Clinical Pharmacology
Moxibac XG (Moxifloxacin) is a 4th generation fluorinated quinolone. It is bactericidal with a broad spectrum of antibacterial activity. The antibacterial action of moxifloxacin results from inhibition of topoisomerase II (DNA gyrase) and topoisomerase IV. DNA gyrase is an essential enzyme that is involved in the replication, transcription and repair of bacterial DNA. Topoisomerase IV is an enzyme known to play a key role in the partitioning of the chromosomal DNA during bacterial cell division.

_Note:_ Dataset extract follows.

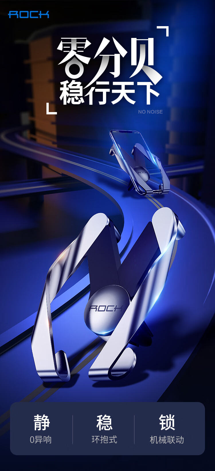 京东自营洛克(ROCK)车载手机支架出风口手机车载支架汽车手机支架汽车导航支架奔驰宝马奥迪大众奔驰树脂深灰

Moxibac XG is indicated for the treatment of bacterial conjunctivitis caused by susceptible strains of following organisms:
Aerobic Gram-positive microorganisms:
Corynebacterium species, Micrococcus luteus, Staphylococcus aureus, Staphylococcus epidermidis, Staphylococcus haemolyticus, Staphylococcus hominis, Staphylococcus warneri, Streptococcus pneumoniae, Streptococcus viridans group.
Aerobic Gram-negative microorganisms: Acinetobacter iwoffii, Haemophilus influenzae, Haemophilus parainfluenzae.

Dosage And Administration

Instill 1 drop in the affected eye(s) 2 times daily for 7 days.

Side Effects

The most frequently reported ocular side effects are ocular discomfort, irritation etc. may occur.


Moxibac XG ophthalmic solution is contraindicated in patients with a history of hypersensitivity to moxifloxacin, to other quinolones, or to any of the components in this medication.

Drug Interactions

Drug-drug interaction studies have not been conducted with Moxifloxacin Hydrochloride. In vitro studies indicate that Moxifloxacin does not inhibit CYP3A4, CYP2D6, CYP2C9, CYP2C19 or CYP1A2 indicating that Moxifloxacin is unlikely to alter the pharmacokinetics of drugs metabolized by these cytochrome P450 isoenzymes.


Prolonged use may result in overgrowth of non-susceptible organisms, including fungi like with other anti-infectives.

Special Populations
Use in Pregnancy:
Pregnancy Category C. Moxifloxacin should be used during pregnancy only if the potential benefit justifies the potential risk to the fetus as there are no adequate and well-documented studies in pregnant women.

Use in Lactating Mother:
Moxifloxacin has not been measured in human milk, although it can be presumed to be excreted in human milk. Caution should be exercised when Moxifloxacin is administered to a lactating mother.

Pediatric Use:
The safety and effectiveness of Moxifloxacin in infants below four months of age was not proven. However, several clinical studies show that the drug may be used safely in children even younger than one month of age.

Geriatric Use:
No overall differences in safety and effectiveness have been observed between elderly and younger patients.

Pharmaceutical Precautions

Store at room temperature and protect from light and moisture. It is desirable that the contents should not be used more than one month after first opening of the bottle.

Commercial Pack

A sterile ophthalmic solution in 5 ml plastic dropper bottle.